§ **Instructions for the task**: Only the lines from the one that contains "ACC 501Practice Questions with Complete" through the last line of the data below should be duplicated, exactly and without pictures.

§ **Exercise data**:
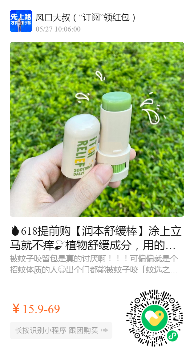 618提前购【润本舒缓棒】涂上立马就不痒植物舒缓成分,用的都是进口原料,涂抹超方便,成人款、儿童款🉑️选,组合直降10元这个价格买到就是赚到‼️
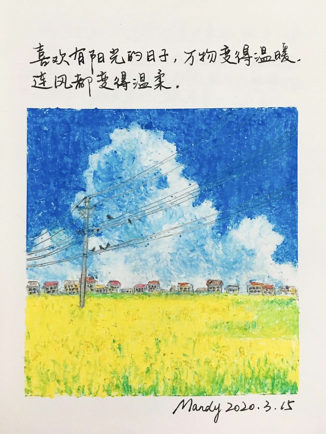 解封后,熊樱第一夭走出家门,“已经从冬夭到了春夭,油菜花都开了。”她跑到文具店,老板出于安全考虑不让她进店,就隔着门板递出油画棒给她。“9块钱买到了一大盒,筒直太激动。”
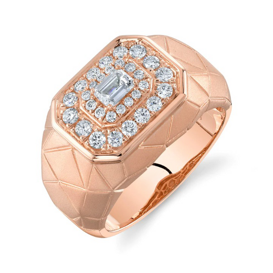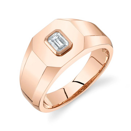 14K Gold Emerald-Cut Diamond Bezel Men's Ring
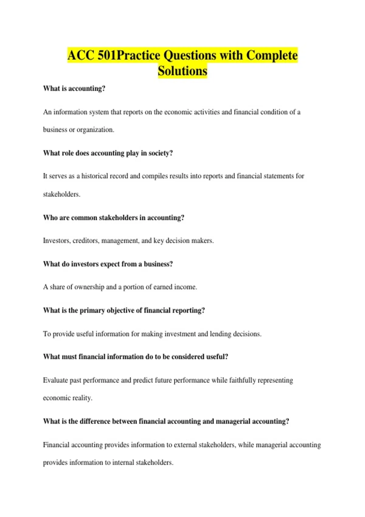 ACC 501Practice Questions with Complete
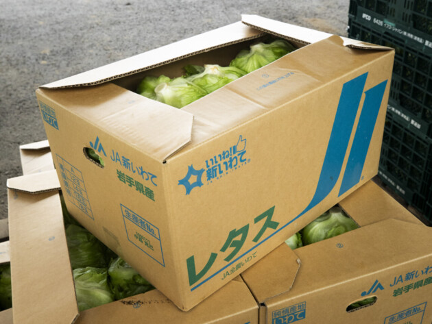 朝四時から太陽の光が強くない八時ごろまでが、収穫のピーク。気温が上がると、しだいにレタスのみずみずしさが損なわれてしまう。収穫されたレタスは、午前中のうちに畑で箱詰めされ、JA新いわて奥中山野菜集出荷所に運ばれる。
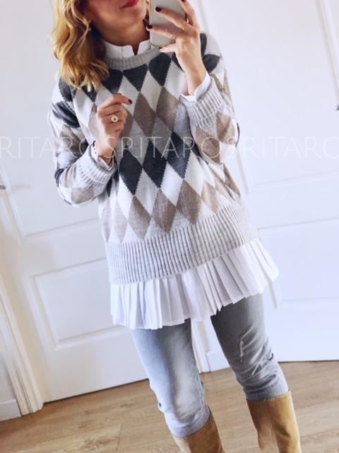 Una monada de Jersey en tonos grises perfecto para combinar con nuestra camisa plisada blanca y un pitillo en gris.
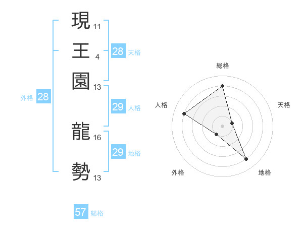 現王園 龍勢さんを姓名の画数から五運を鑑定
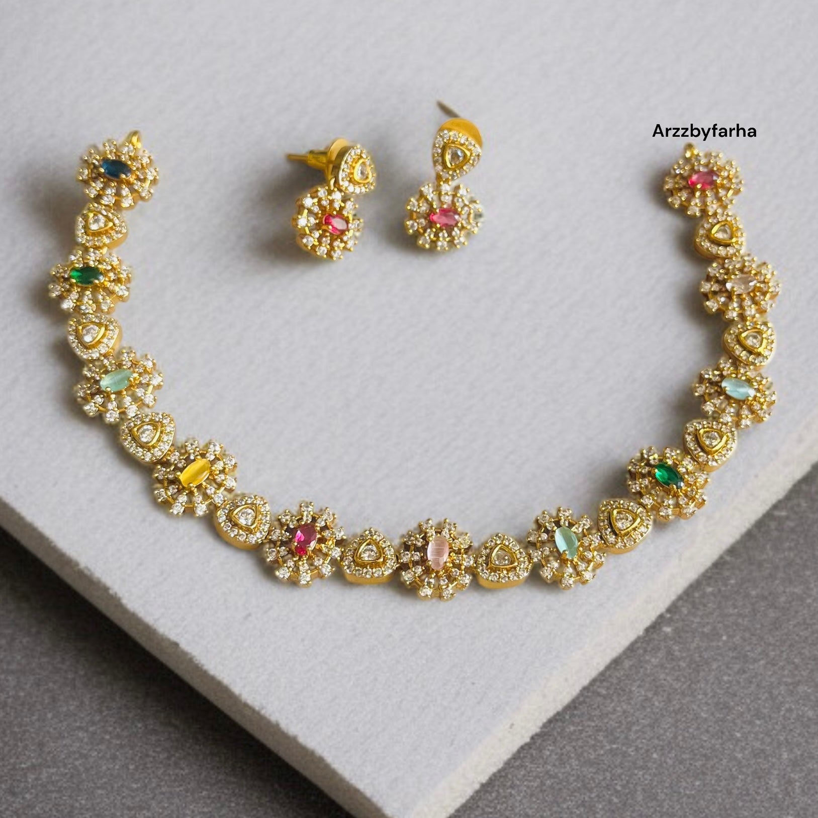 This elegantly designed Gold AD Studded Choker Necklace Set is the perfect accessory for any occasion. Crafted with precision and adorned with stunning gold AD studs, this necklace set will add a touch of glamour to your outfit. Enjoy the timeless beauty and versatility of this set for years to come.

§ **Expected answer**:
 ACC 501Practice Questions with Complete
 朝四時から太陽の光が強くない八時ごろまでが、収穫のピーク。気温が上がると、しだいにレタスのみずみずしさが損なわれてしまう。収穫されたレタスは、午前中のうちに畑で箱詰めされ、JA新いわて奥中山野菜集出荷所に運ばれる。
 Una monada de Jersey en tonos grises perfecto para combinar con nuestra camisa plisada blanca y un pitillo en gris.
 現王園 龍勢さんを姓名の画数から五運を鑑定
 This elegantly designed Gold AD Studded Choker Necklace Set is the perfect accessory for any occasion. Crafted with precision and adorned with stunning gold AD studs, this necklace set will add a touch of glamour to your outfit. Enjoy the timeless beauty and versatility of this set for years to come.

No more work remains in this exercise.